We're going to set up an AWS Budget that will alert you if you get any monetary charges.

  1. Navigate to the Billing feature in the AWS Billing and Cost Management Service.
  2. Click "Create Budget"
  3. Select "Use a template" then "Zero spend budget"
  4. Add your email to the "Email recipients" text area.
  5. Click "Create budget"

Authorize Autograder

To allow instructors to grade your work and ensure authenticity of your submissions, we require read-only access to your AWS account. Follow the steps below to set up access

  1. Navigate to IAM (Identity and Access Management) in your AWS account.
  2. Go to the "Users" tab.
  3. Create a new user:
  4. Set up an access key for this user
  5. Include the access key and the secret key in your submission

Ensure that this account remains unchanged until the course concludes. Afterwards, you can remove it. Note: If the keys are no longer accessible, we will not be able to grade your assignments. If you delete and re-create your keys, make sure to update the key values in your submitted credentials file.
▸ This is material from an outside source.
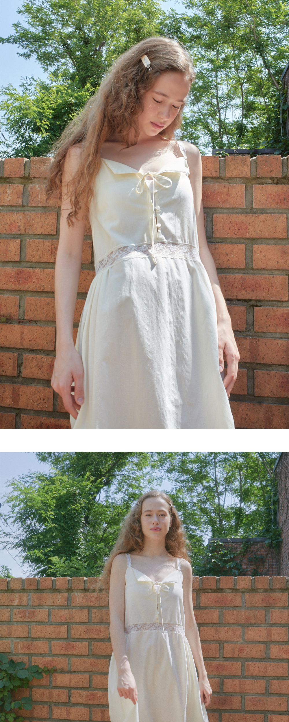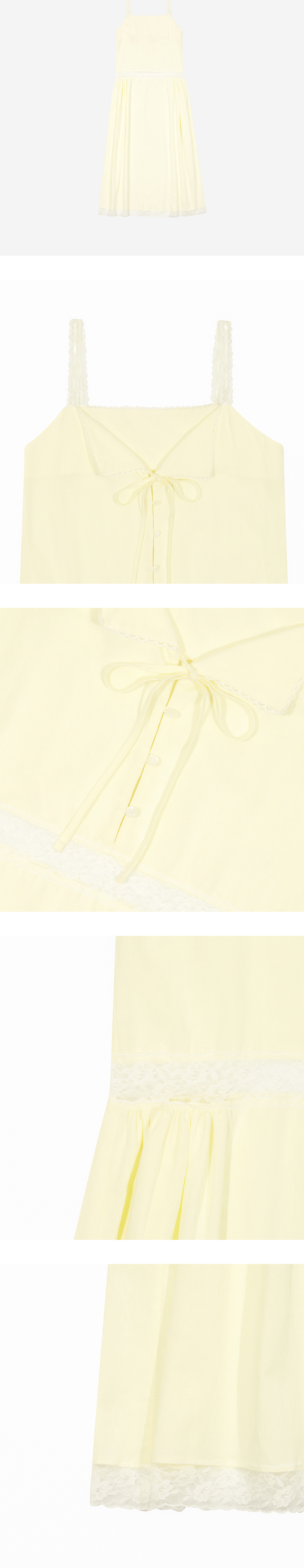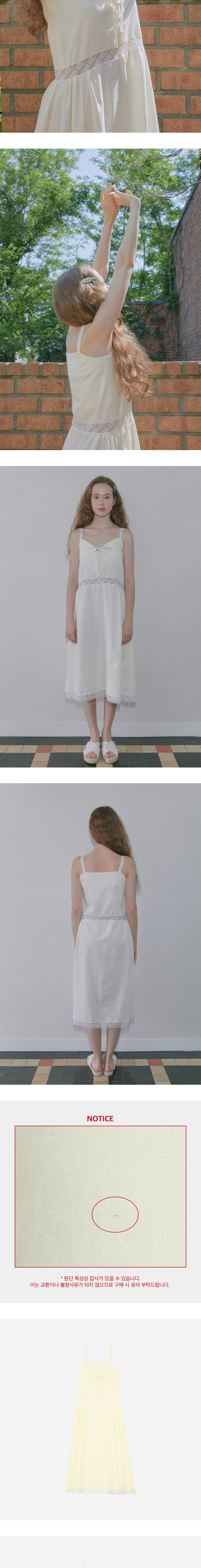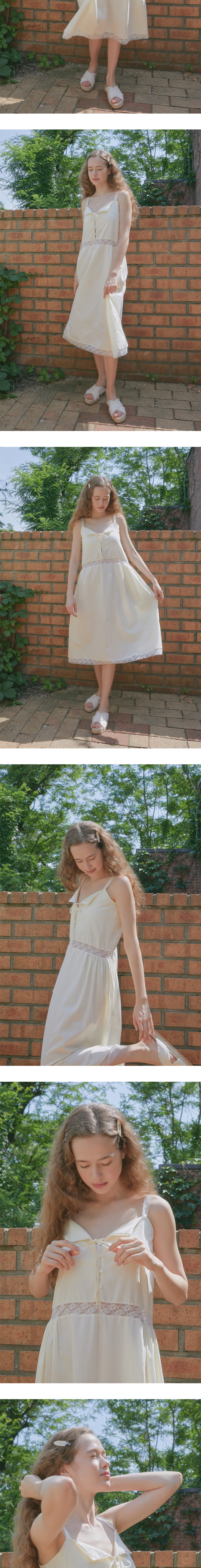 Margarin fingers 24 summer 레이스 벨 롱 원피스입니다. - 은은한 자수 디테일의 면 소재 - 단독 또는 레이어드로 다양한 스타일링 가능 - 앞판 리본 여밈 포인트 - 어깨끈, 넥 라인, 허리, 밑단 총 3가지 레이스 사용

Now create an empty file called "credentials", and populate it with:

credentials
[default]
aws_access_key_id = access key id you just generated
aws_secret_access_key = secret access key you just generated

Replace the red values above with the values from the access key you attached to the autograder user. Remove any quotation marks surrounding the values. This file should be an ASCII text file, you can create one using vim, vscode, or another plain text editor.

🚨 Important

Safekeep the credentials file, you will use it for all assignment submissions during the semester. AWS access key secrets and IDs are highly privileged information and you must take care to keep them secure. DO NOT share them publicly, DO NOT store them on a untrustworthy service or device, DO NOT take pictures or screenshots of them, and avoid committing them to source control unless you encrypt them and secure the encryption key. IF YOU SHARE YOUR KEY PUBLICLY OR ARE OTHERWISE CONCERNED ABOUT SECURITY delete the key in question and create a new one.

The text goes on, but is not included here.